The BS6 Apache 160 4V also has a few other tricks up its sleeve. TVS has quipped the motorcycle with GTT (Glide Through Technology). In essence, it is a trick in the new FI system that detects the release of the clutch and increases the engine idle speed automatically to prevent it from stalling.
This is without a doubt going to be a boon for those who have roads with congestion and terrible traffic as a part of their everyday commute. It keeps the motorcycle going at a steady speed without any input on the throttle.
In order to test the system, I let it idle in second gear. The BS-VI Apache 160 4V kept rolling at a constant speed of 10km/h at an idle speed of 2,000RPM. I then shifted into third and let go of the clutch lever without any input on the throttle.
After a couple of small jerks, the speed increased to 16km/h and it once again settled at 2,000RPM. I then shifted up to fourth and repeated the same process, and the bike complied and this time the speed was 20km/h with engine speed at 2,000RPM.
"Very Impressive", I thought to myself and rolled on the throttle. This is when I started wishing for a little more low end torque, but to be honest, that was wishful thinking. The engine is near perfect for the kind of buyers it is targeted at.

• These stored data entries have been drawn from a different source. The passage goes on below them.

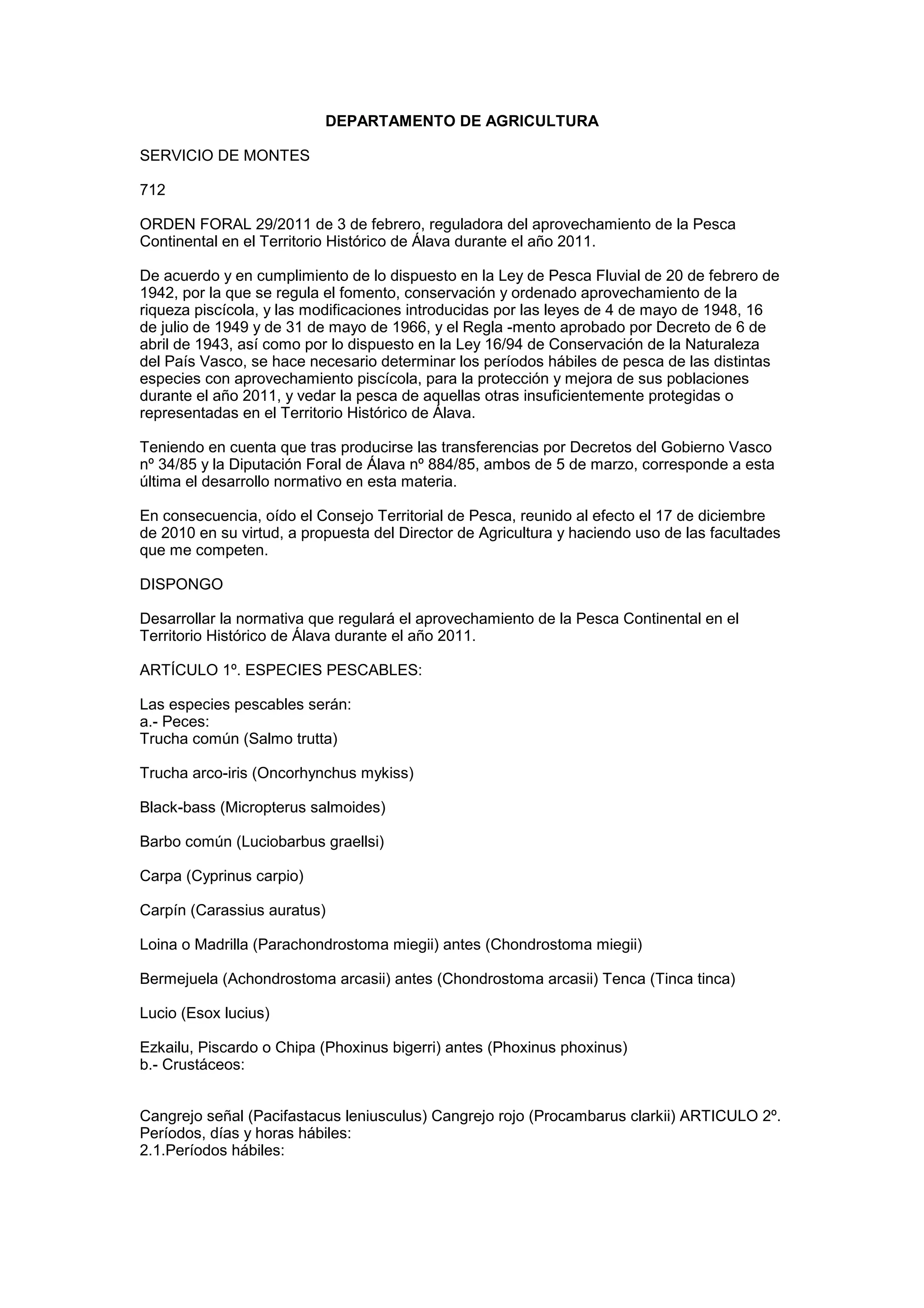Este documento establece las regulaciones para la pesca continental en el Territorio Histórico de Álava durante el año 2011. Define los períodos, días y horas hábiles de pesca, las especies autorizadas y sus tamaños mínimos, los artes y cebos permitidos, y las protecciones a la fauna piscícola.
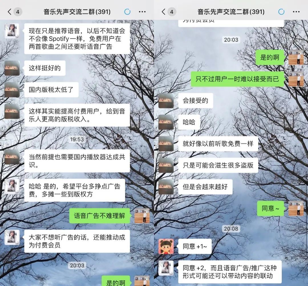 说回QQ音乐插播语音广告,业内反馈和大众抵触其实是不大一样的。以音乐先声读者群中从业者的讨论来看,大多对这一尝试表示了支持,认为"这样其实能提高付费用户,给到音乐人更高的版税收入"、"希望平台多挣点广告费,多摊一些到版权方"、" 语音广告/推广这种形式可能还可以带动内容的联动"。
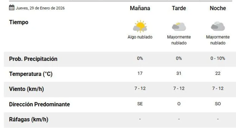 Para este jueves, el Servicio Meteorológico Nacional anuncia una temperatura máxima de 31°. El cielo estará algo nublado, con vientos leves del Oeste rotando al el Sudoeste y cielo parcialmente nublado.
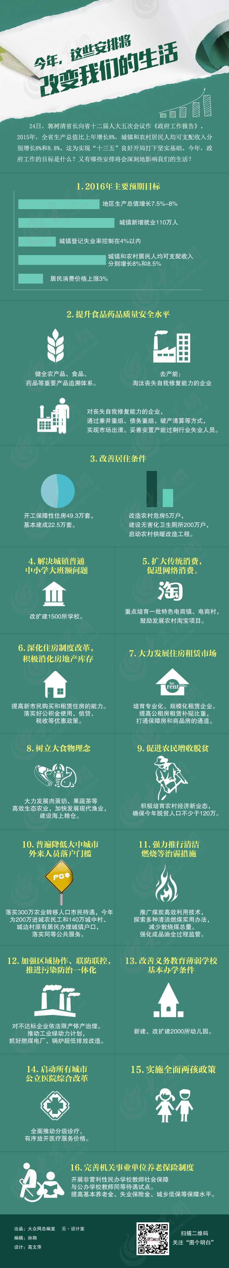 解決城鎮普通中小學大班額問題,今年要完成一半任務,改擴建1500所學校。進一步優化消費環境,擴大傳統消費,促進信息、網絡消費。
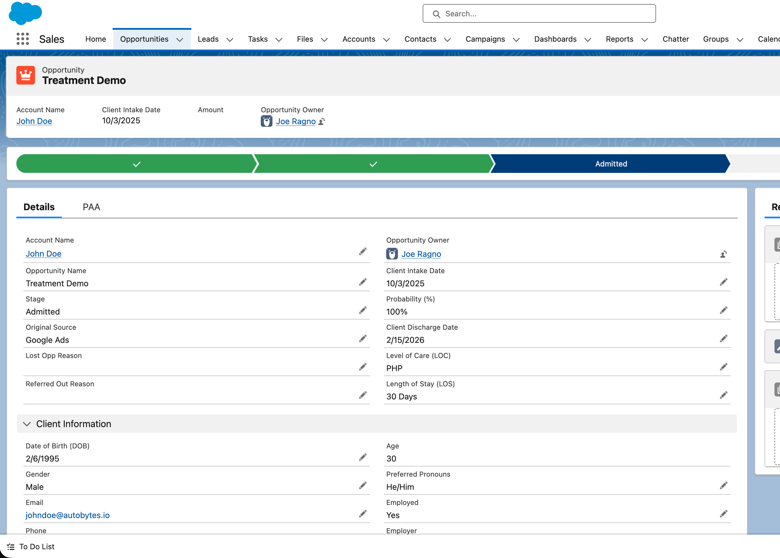 AutoBytes has been servicing clients who utilize Salesforce for their Mental Health & Substance Use Disorder treatment centers for nearly a decade. We understand your business needs and are to bring positive change to your org very quickly!
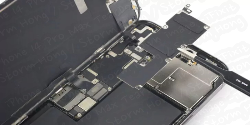 ↑ iPhone 14 Pro Max teardown showing the removal of the logic board, which is also houses the LPDDR5 RAM / Image Credits - iFixit
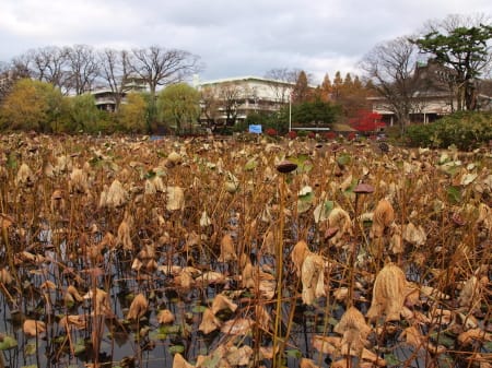 片付いて水面がきれいに見えるお堀はすっきりしていいものだが、今しか見られない枯れたハスが茂るお堀も、晩秋・初冬らしい独特の雰囲気があって捨てがたい。
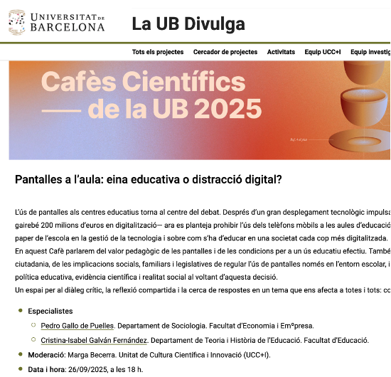 El pasado 26 de septiembre tuvo lugar el primer café científico de la UB de este curso académico 2024-25 con el título “Pantalles a l’aula: eina educativa o distracció digital?”. El Dr. Pedro Gallo participó aportando la visión desde la sociología y presentando la evidencia científica disponible sobre las consecuencias de la exposición a pantallas y en especial qué se conoce sobre sus efectos de su uso en el aula. La sesión contó con la presentación de la vicerrectora Dra. Maria Feliu, la aportación desde la pedagogía de la Dra Cristina Galván, y la moderación de Marga Becerra. Los cafés científicos de la UB son un fantástica iniciativa que recomendamos a todxs.

The ones wanting more power and torque can always opt for the bigger Apache RTR 200 4V BS-VI. Click here to read the review of the BS-VI Apache 200.
Ride & Handling
The ride and handling section is one where the Apache series has always excelled. TVS claims the motorcycle is inspired by the RTR 165 GP race motorcycle which has won 7 Indian National Motorcycle Championships, and that is true to an extent.

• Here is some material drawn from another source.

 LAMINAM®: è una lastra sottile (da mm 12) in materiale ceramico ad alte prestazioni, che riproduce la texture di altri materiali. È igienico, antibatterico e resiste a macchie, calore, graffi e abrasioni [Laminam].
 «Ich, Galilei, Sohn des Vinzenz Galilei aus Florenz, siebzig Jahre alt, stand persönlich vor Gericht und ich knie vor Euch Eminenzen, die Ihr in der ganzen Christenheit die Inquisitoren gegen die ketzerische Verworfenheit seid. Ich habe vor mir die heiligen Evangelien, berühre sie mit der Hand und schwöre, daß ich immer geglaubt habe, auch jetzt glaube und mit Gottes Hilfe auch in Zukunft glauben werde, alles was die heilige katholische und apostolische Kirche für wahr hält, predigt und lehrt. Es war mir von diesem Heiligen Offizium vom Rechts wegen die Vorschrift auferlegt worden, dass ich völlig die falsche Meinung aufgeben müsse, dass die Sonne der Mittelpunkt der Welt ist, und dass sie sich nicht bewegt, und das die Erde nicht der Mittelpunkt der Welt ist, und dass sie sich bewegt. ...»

However, the Apache RTR 160 4V BS-VI is not a thoroughbred race motorcycle. It is made to give the average college-going kid or the average young buyer a pleasant yet thrilling ride experience out in the real world while still being safe and sane. This, it does perfectly.
The front-end felt too light on the racetrack, which suggests that it will be perfect to flick around through traffic and crowded streets. We haven't ridden it out on the roads, but judging by the way it handled the undulations out on the track, we can say that it can handle bad roads pretty well.
The motorcycle rides on a conventional telescopic suspension up front and a race-tuned monoshock at the rear from Showa. It is equipped with a 270mm petal disc up front and a 130mm petal disc at the rear. The brakes have sufficient feedback and offers adequate braking.
It also comes with supermoto ABS, which is in essence a single-channel ABS system. The BS-VI Apache 160 4V rides on superb ‘Remora' tyres from TVS Tyres. They are basically a larger version of the tyres on the TVS NTorq and anyone who has ridden that scooter can testify about how lovely these tyres are.
TVS is also offering a drum-brake variant which comes with a slimmer tyre and a drum brake at the rear. We haven't ridden it and hence cannot comment on its braking, but it will surely have a significantly lesser braking prowess.
One of the most important new features being offered on the TVS Apache RTR is the LED headlamp with LED DRLs. It also comes with the new Race-Tuned Fuel-Injection system, Glide Through Technology, Supermoto ABS, LCD instrumentation, etc.
The LCD instrument console is capable of recording the fastest 0-60km/h time and the highest top-speed achieved on the motorcycle.
The TVS Apache RTR 160 4V is a fairly new motorcycle and didn't really require an upgrade. If it were not for the upcoming BS-VI regulations, the motorcycle would have remained untouched maybe until 2021 or the end of 2020.
Well, since TVS had to roll out the BS-VI update, the company has decided to do it the proper way. It not only gets a cleaner engine, but also a few new features and a slight redesign. The engine is smooth and throttle response is better.
Though the output figures suggest a slight drop in performance compared to the outgoing model, we couldn't really feel it out on the track and that makes it a winner for us.